I'm having some problems to come up with a sane type naming scheme for our new line of applications. I want to follow the .NET Framework Developer's Guide - Design Guidelines for Developing Class Libraries, but I'm starting to wonder if that's such a good idea.
I'd like to use the Company.Product.Feature
namespace scheme as a basis.
Problem 1: We have our own control and form base classes, and I want these to go into the Company.Product.Forms
namespace. However, according to the guidelines, we shouldn't let our type names be Control
or Form
, even if they are in our own Company.Product.Forms
namespace, since they will clash with system types.
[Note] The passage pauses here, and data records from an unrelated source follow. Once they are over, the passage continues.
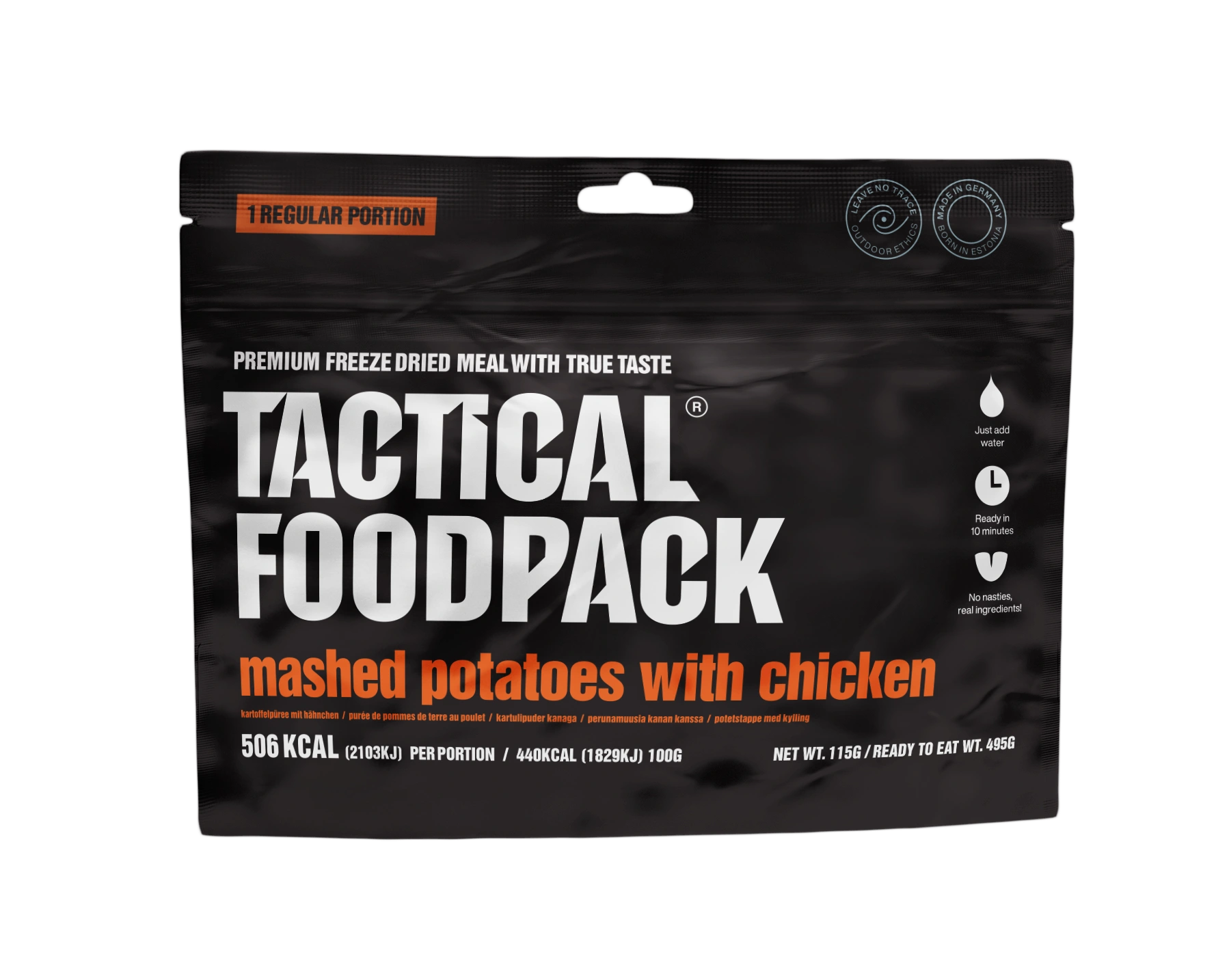 Die Mahlzeiten von Tactical Foodpack wurden ursprünglich für Spezialeinheiten entwickelt. Dank der hohen Nährwerte und der einfachen Zubereitung liefern die Foodpacks auch unter extremen Bedingungen eine vollwertige Mahlzeit. Aufgrund des speziellen Produktionsverfahrens, bei dem die Gerichte gefriergetrocknet werden, sind die Speisen mehrere Jahre lang haltbar. Im Trocknungsprozess wird den Zutaten das Wasser gänzlich entzogen, ohne dass die enthaltenen Vitamine und Nährstoffe zerstört werden. Da weder Konservierungsmittel noch Geschmacksverstärker oder Regulatoren beigefügt werden, überzeugen die Tactical Foodpacks mit ihrem unverfälschten Geschmack.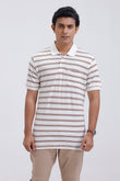 French Polo - Ivory White with Coffee Brown Stripes T-Shirts For Men | Ariser
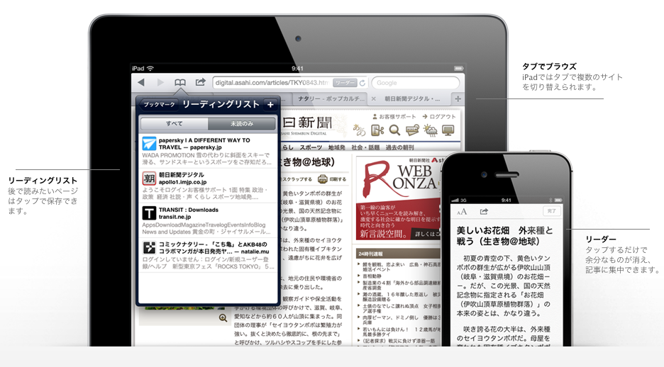 Safariのリーダーで「広告や不要なものが表示されないので、ウェブの記事だけに集中できます」。これはどんな感じか試してみたい。またあとでじっくり読むために記事をiCloud上に保存する「リーディングリスト」という機能も追加されるという。iPadで読みかけの記事をiPhoneで読む、ということもできそう。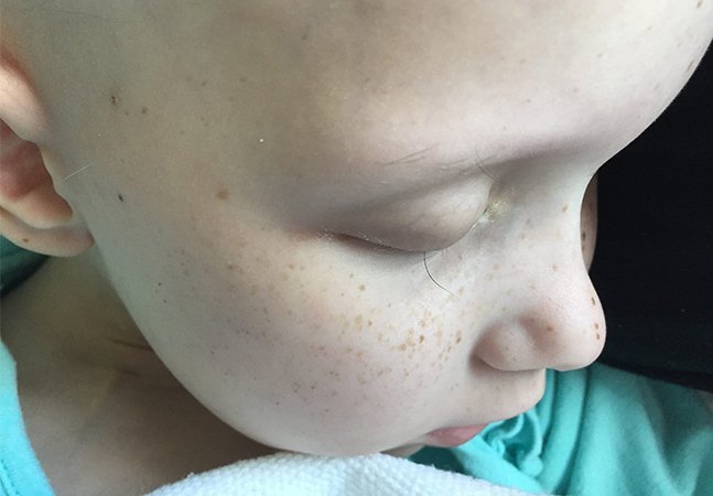 Hayley Brown, uma jovem australiana de apenas 7 anos, perdeu praticamente todos os pelos do corpo durante um tratamento contra o câncer. E o último fio dos seus cílios a cair foi registrado e compartilhado por seu pai, Andrew Brown, causando comoção geral na internet.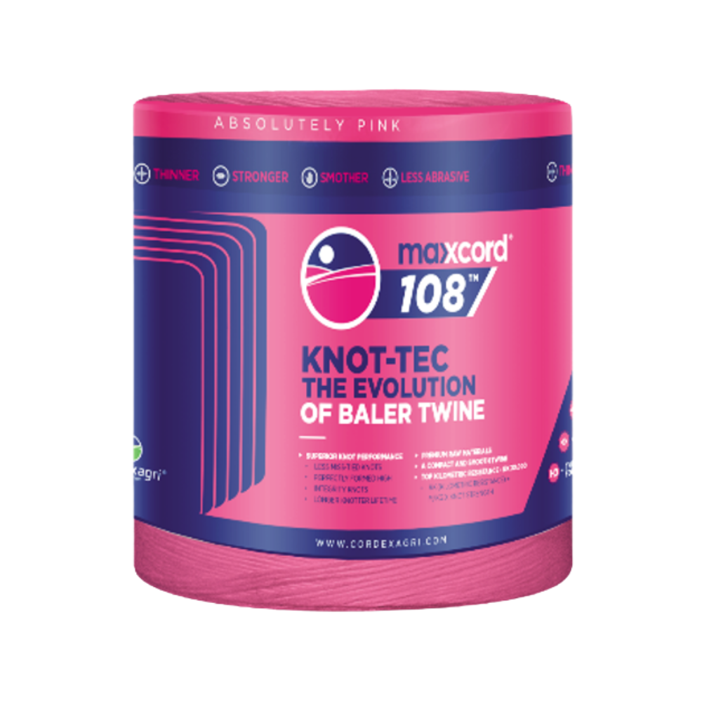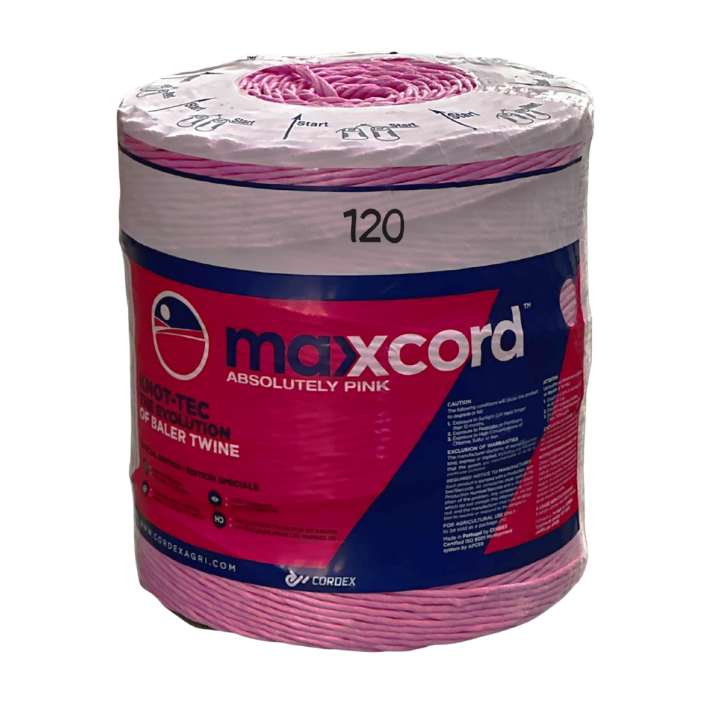 Maxxcord 120 har en knudestyrke på 250 kilo pr. meter og kommer i ruller med 2640 meter, og kan også anvendes i ældre pressere.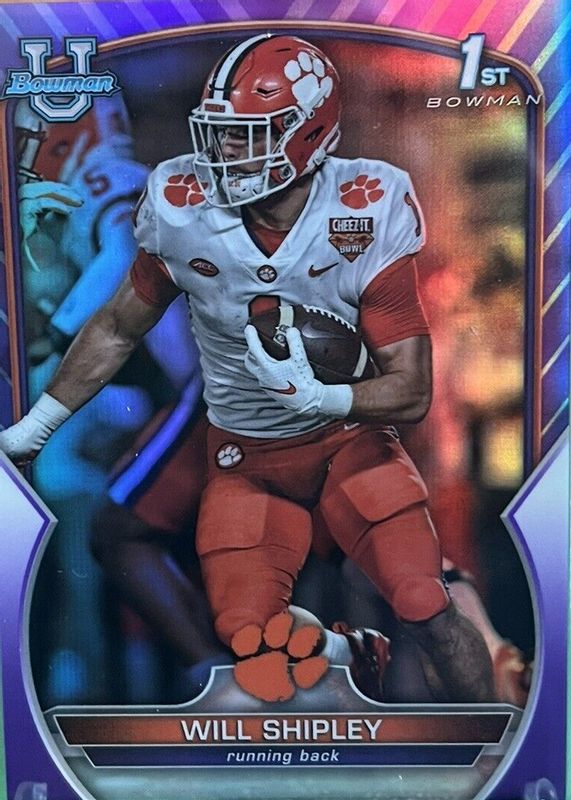 This card is 1 of 41 Will Shipley's card variations in the 2022 Bowman Chrome University set being tracked by Sports Card Investor, including Prospects (1st), Prospects - Pink Refractor (1st), Prospects - Purple Shimmer Refractor (1st), Prospects - Refractor (1st), and Prospects - Purple Mini-Diamond Refractor /399 (1st).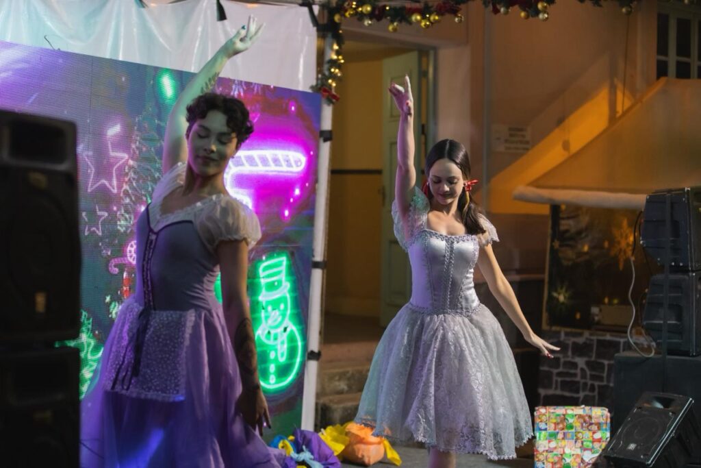 A Vila do Papai Noel foi palco de uma noite inesquecível nesta segunda-feira (22). Com grande presença de público, o espaço cenográfico viveu momentos de pura magia, emoção e alegria, confirmando o sucesso do Natal Iluminado em seu primeiro ano na cidade. O ponto alto da programação foi a apresentação do Grupo Dias de Dança, com a peça “Sequestraram o Papai Noel”. O espetáculo arrancou risadas, despertou a imaginação das crianças, ansiosas pelo “resgate” do Bom Velhinho, e também conquistou os adultos, que cantaram junto os clássicos natalinos, em estado de nostalgia.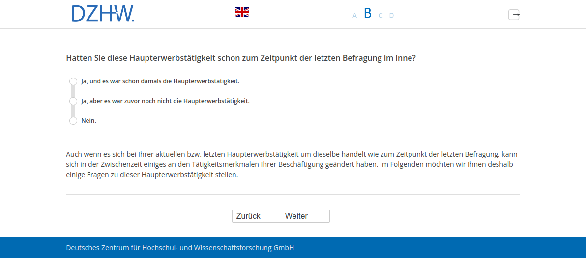 Hatten Sie diese Haupterwerbstätigkeit schon zum Zeitpunkt der letzten Befragung im #{PRELOADcpl007.value} inne?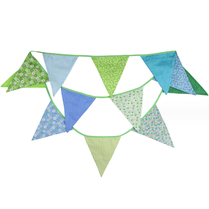 Гирлянда состоит из 12 флажков, расстояние между флажками 6 см, общая длина составляет 4 м.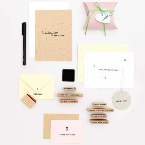 Gestalten Sie individuelle Ostergrüße! Dieses Stempelset enthält ein Stempelkissen sowie Stempel mit verschiedenen Textelementen zum Osterfest und kleine Stempel mit passenden Motiven wie Hasenköpfen, Möhren und Ostereiern.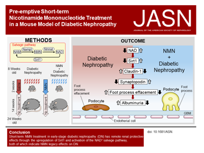 具体的には、8週令の糖尿病性腎症(Diabetic Nephropathy)を起こしたマウスにNMNを2週間短期投与し、その後中止しても、24週令の解析でアルブミン尿(Albuminuria)の抑止が継続していた。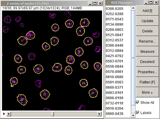 This page describes marking a field of isolated cells in a Z series such that each cell is individually made into a 3D movie and the movies are montaged into a single stack. Alternatively, the marked cells themselves may be extracted and montaged as a stack without the 3D processing.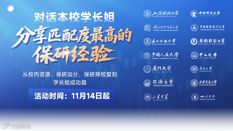 直系学长学姐的保研经验无疑是最容易复刻也是最精准的!本次商科百院本校巡演,拿到清北复交人浙南等名校offer的本校学长姐们会详细介绍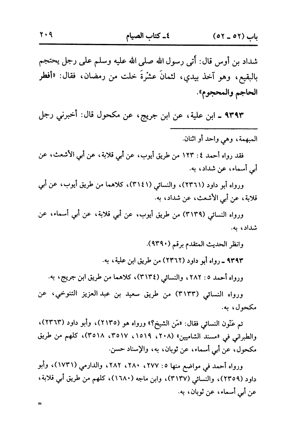 9393- حَدَّثَنَا ابْنُ عُلَيَّةَ ، عَنِ ابْنِ جُرَيْجٍ ، عَنْ مَكْحُولٍ ، قَالَ : أَخْبَرَنِي رَجُلٌ مِنَ الْحَيِّ مُصَدَّقٌ ، عَنْ ثَوْبَانَ ، أَنَّ رَسُولَ اللهِ صَلَّى الله عَلَيْهِ وَسَلَّمَ ، قَالَ : أَفْطَرَ الْحَاجِمُ وَالْمَحْجُومُ. (3/50).
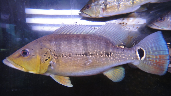 久々の入荷です!そして今回入荷の個体はサイズがいい!まぁ、大きい分値段が高くなってしまいましたが、この値段でも安くしてるつもりなんです・・・。顔まわり、エラ、腹部はキレイなレモン色でヒレは青く染まり、体側は側線に沿うように細かいスポットが並び完璧です!素晴らしいです!左上の画像です。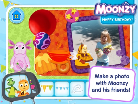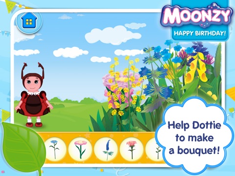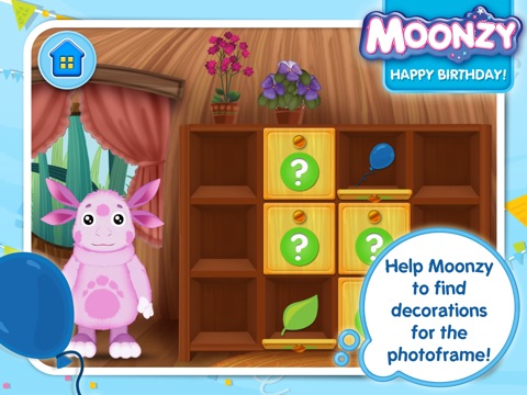Lets make a present for him! You can bake a cake, make a pretty greeting card, collect a big basket of flowers, or make a photoframe. Moonzys friends will help you!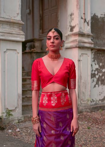 To complete the look, the saree is paired with a contrasting red silk blend blouse, creating a striking balance of subtlety and vibrancy. The lightweight drape ensures graceful fall and effortless wear, keeping you comfortable while radiating elegance.Style this saree with traditional gold jewelry, a Kundan choker, or statement bangles to highlight its grandeur. Pair with embellished sandals or juttis for a complete festive look. Perfect for ceremonies, festive gatherings, or cultural occasions, this saree is designed to make every moment memorable.
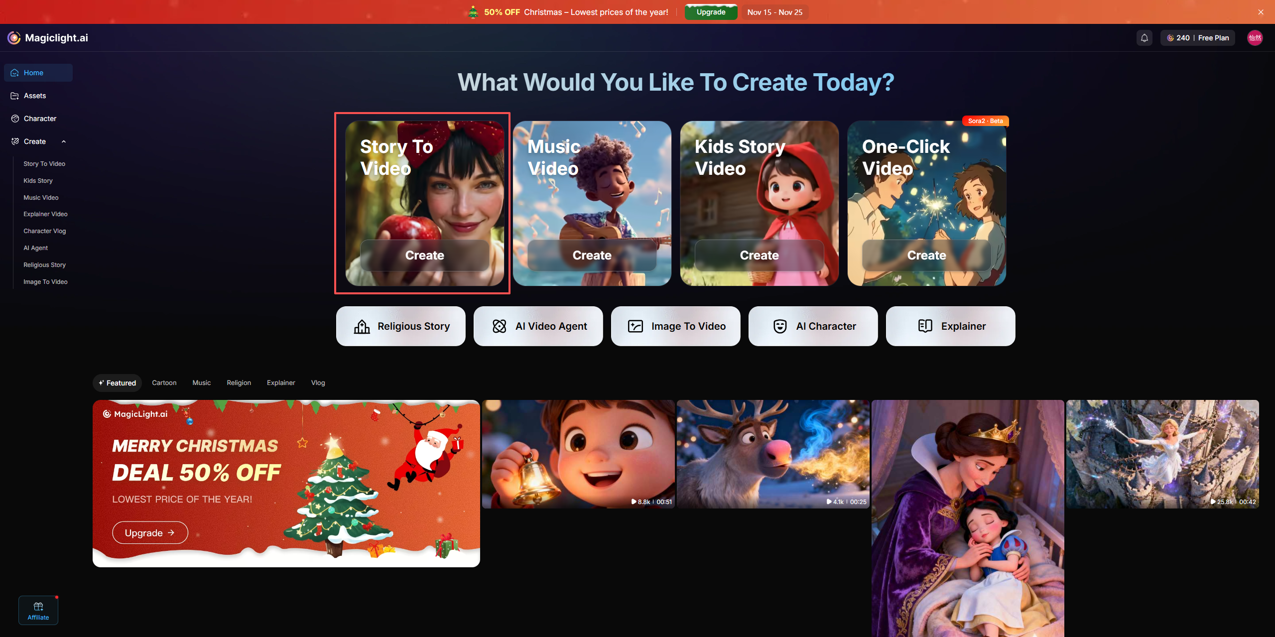 MagicLight AI | 生成脚本/分镜/静态图/旁白 | 不会写悬疑剧情、不会画分镜、人设统一难 | 每日赠送免费积分,只生成图片完全够用 | |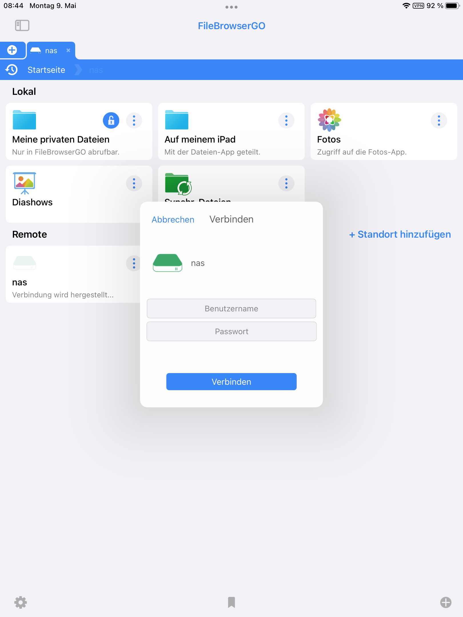 Verbinden eines Laufwerks unter iPadOS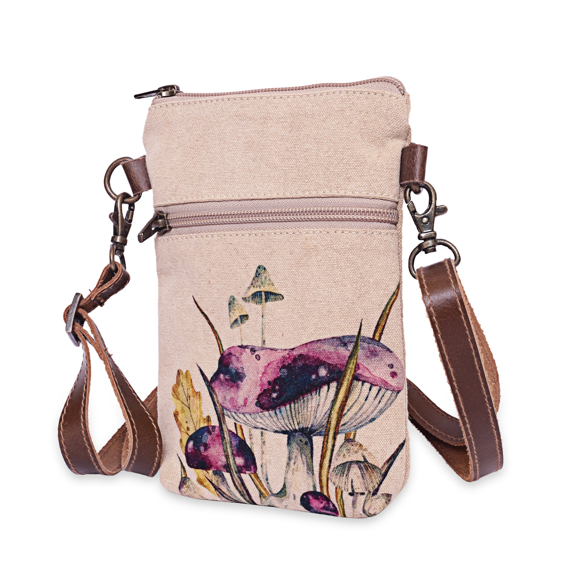 Step into nature’s whimsical beauty with the Mushrooms Cellphone Sling Bag. Crafted from durable canvas and accented with premium leather, this bag features a charming mushroom pattern that brings a touch of earthy, woodland magic to your everyday look. The compact size is perfect for carrying your phone, cards, and small essentials while keeping your hands free. With its adjustable strap and unique design, this sling bag is both practical and stylish for any casual outing or adventure.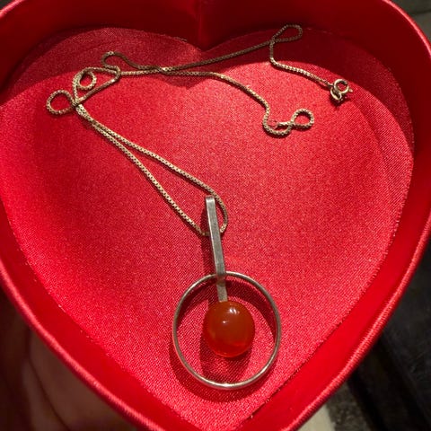 Vintage❤️Anheng med krystall og drueklasemotiv+kjede i sølv 925

Problem 2: We have some distinct feature areas in the application and I want these to go into their own Company.Product.Feature
namespace. Lots of these features have similar design, with a controller and some views, so under each Company.Product.Feature
namespace I'd like to have types named Controller
, SomeView
, AnotherView
, etc. However, according to the guidelines, we shouldn't have the same type names in different namespaces.
The only solution I see to overcome these problems is to prefix the types with something that in some way makes the namespaces redundant. Or not?
Microsoft clearly favors some redundancy. A common example is:
System.Xml.XmlDocument
General class names, even bound within a proper named namespace can cause headaches for the many programmers who like to avoid fully qualifying their class instantiations. "Document" could be an Xml, Html or word document. This ambiguity will cause endless confusion if you happen to import more than one namespace with a "Document" class.